I have VPN setup to our datacenter (Cisco AnyConnect) for Window Clients.
Our head office has a site to site VPN connected to our datacenter.
Our head office also has VPN setup for Windows Client.
Is it possible for users who connect to our head office VPN client to access LAN devices to our datacenter if I had the head office VPN subnet to the site to site tunnel setup from Head Office → Data center?
That way I don’t have to connect to multiple VPNs? If that is possible, is that bad practice/not recommended?
As long as the Client VPN knows to send traffic to the DataCenter subnet through the tunnel to the Main Office, and the Data Center knows to send the Client VPN subnet traffic to the Main Office then yes.
If you are using Full-Tunnel on the Client VPN then you only need to worry about the Main Office to Data Center VPN allowing the Client VPN subnet back and forth.
You do it when you have to. For a non-classified government contract I worked on the only way to meet the requirements written by the agency was to have a collection of IPSec tunnels inside another IPSec tunnel. It worked.
The problems that I remember were that the MTU was stupid low and there were some Windows services that had to be switched from UDP to TCP because the UDP packets were getting dropped due to the MTU.
Route based tunnels should do this without much additional configuration beyond adding routes for the DC LAN on the client VPN appliance and a route for the client subnet at the DC via the tunnel to the branch.
Re: sending remote user VPN traffic across a site-to-site VPN, it’s fine. May not be optimal, but it’s fine. If that’s what the site supports for the time being, it will work.

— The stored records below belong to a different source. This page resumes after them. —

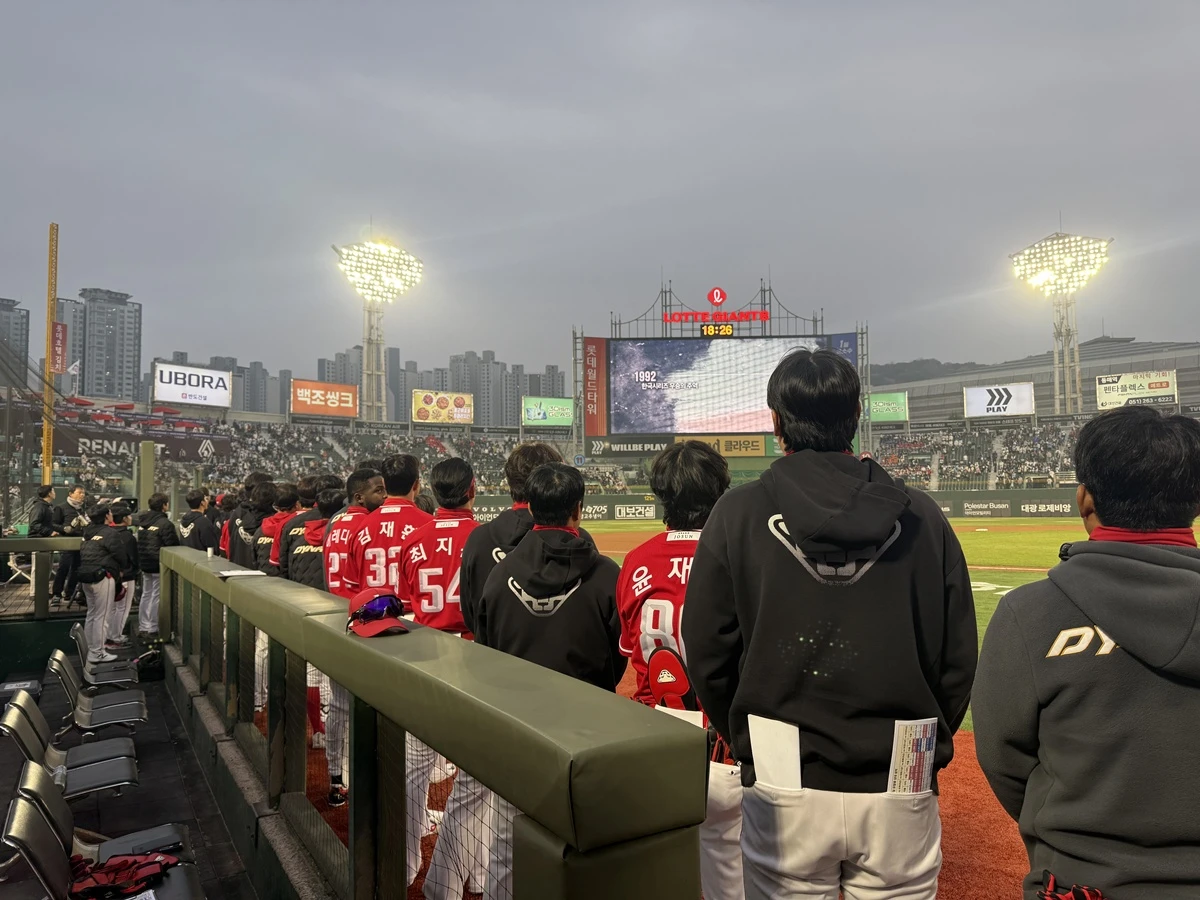 홈 첫 경기를 앞두고 롯데가 다양한 행사를 준비한 가운데, 애국가 제창을 마치고 전광판에 영상이 표출됐다. 바로 김민재 코치 추모영상이었다.
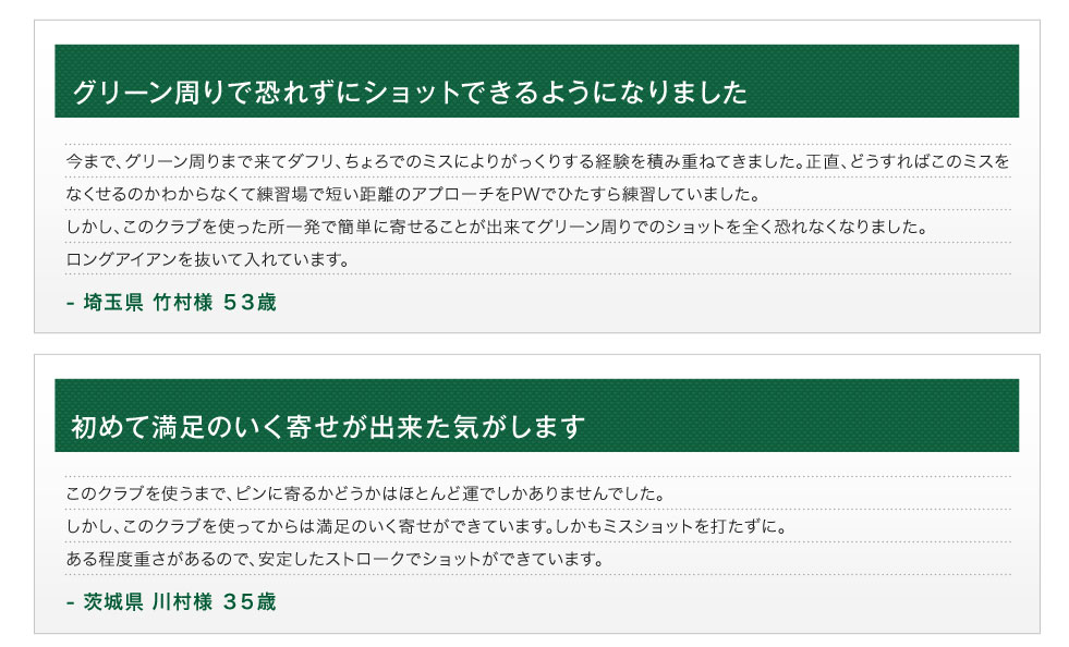 - 勿論、どちらも素晴らしいアプローチ専用クラブです。ただし、特性が異なりますので転がしたいとき、上げたい時でこの2本を使い分けていただくか、あなたのセッティングに合うクラブを入れてみてください。
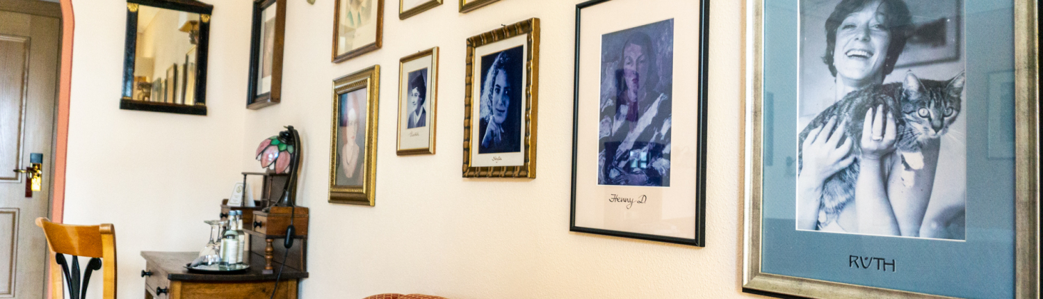 Ohne Bilder ist das Haus ohnehin nicht vorstellbar. Über 500 Gemälde, Zeichnungen, Skizzen und historische wie aktuelle Fotografien hängen an den Wänden. So wandeln Gäste fast in wie in einer Galerie durch die Flure und Stuben – und bekommen dabei schöne und interessante Einblicke u.a. in die Stadtgeschichte. So ist beispielsweise Füssen in verschiedenen Epochen zu sehen. Es lohnt sich also, sich Zeit zu nehmen und die Fülle an Bildern in Ruhe anzuschauen – und auch die anderen ungewöhnlichen Details, die in den Zimmern und Fluren stehen, zum Beispiel ein antikes Chorgestühl.

Sounds like a tradeoff between client configuration complexity versus efficiency. If most flow is to head office with only occasional traffic to DC, then maybe it makes sense to be inefficient on the client->DC traffic just to have a simpler client config/setup. If there’s a lot of flow to office and to DC, then the inefficiency might bite too much and dual-tunnel from the client may be the answer.